Евсей укоризненно смотрит на него. Шурка ерзает, старается спрятаться за моей спиной, говорит:
— Ну, не Евсей… ну, батяня… отец… Никак не привыкну. Сам виноват: почти не бываешь дома. Где уж тут привыкнуть?
— Что верно, то верно, — вздыхает Евсей. — Редко бываю дома. А все почему? — Но тут же и обрывает себя: — Был ли на Алтае, спрашиваешь? Был. Чего ж?..
— И что там?.. Ладно ли люди живут?
— Люди нынче везде не шибко ладно живут, — медленно отвечает Евсей. — А земля там красивая, богатая, к ней бы с умом да с лаской, глядишь, она и одарила бы…
— А чего ж не с умом, не с лаской?.. Иль некому? Иль все мужики на Алтае вроде тебя в бегах?
— Пустомеля ты, Шурка, — с досадой говорит Евсей. — Коль кто и в бегах, так то, думаю, от душевной неустроенности. От чего же еще?..
— От душевной неустроенности… — не верит Шурка. — Скажи лучше, работать на одном месте неохота. Вернее будет.
— Много ты понимаешь, — не повышая голоса, говорит Евсей.

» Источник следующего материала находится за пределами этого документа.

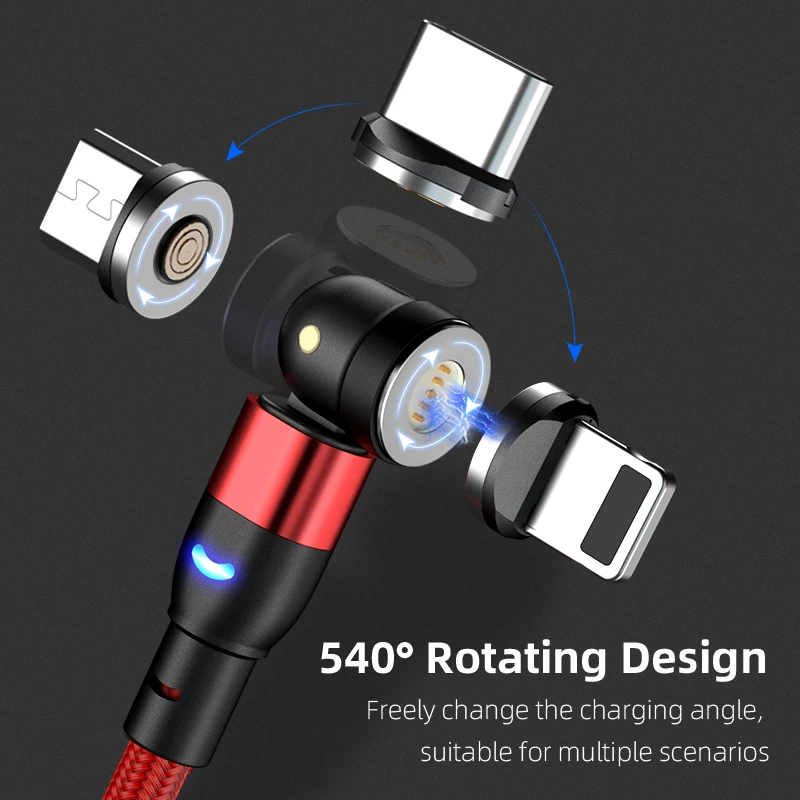 Магнитный кабель Micro USB Type-C, с поворотом на 540 градусов, для...
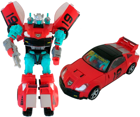 A red sports car with black painted hood and roof and silver on his rear windows, Rapido is a repaint of Universe 2.0 Bluestreak based on Rapido. The read and tailights are while while the front bumper is black and there's a prominent yellow G2 Autobot logo on his windshield along with "AUTOBOT" in yellow lettering. Rapido has a silver & black G2 Autobot logo on his hood and the number "19" on his doors as on the original. The silver rear window is a subtle nod to the silver engineblock behind the cabin on the original toy.

Он вообще-то, заметил я, не срывается на крик, разве что иной раз воскликнет с недоумением: «А за что воевали, граждане?..» — Я и то в жизни не все умею разглядеть, а вроде бы уж пора… Сложная штука — жизнь. Путаная.
Мы еще долго сидим под кустом черемухи. Наконец Шурка предлагает:
— Пошли домой. Мать, поди, потеряла. Небось, ищет.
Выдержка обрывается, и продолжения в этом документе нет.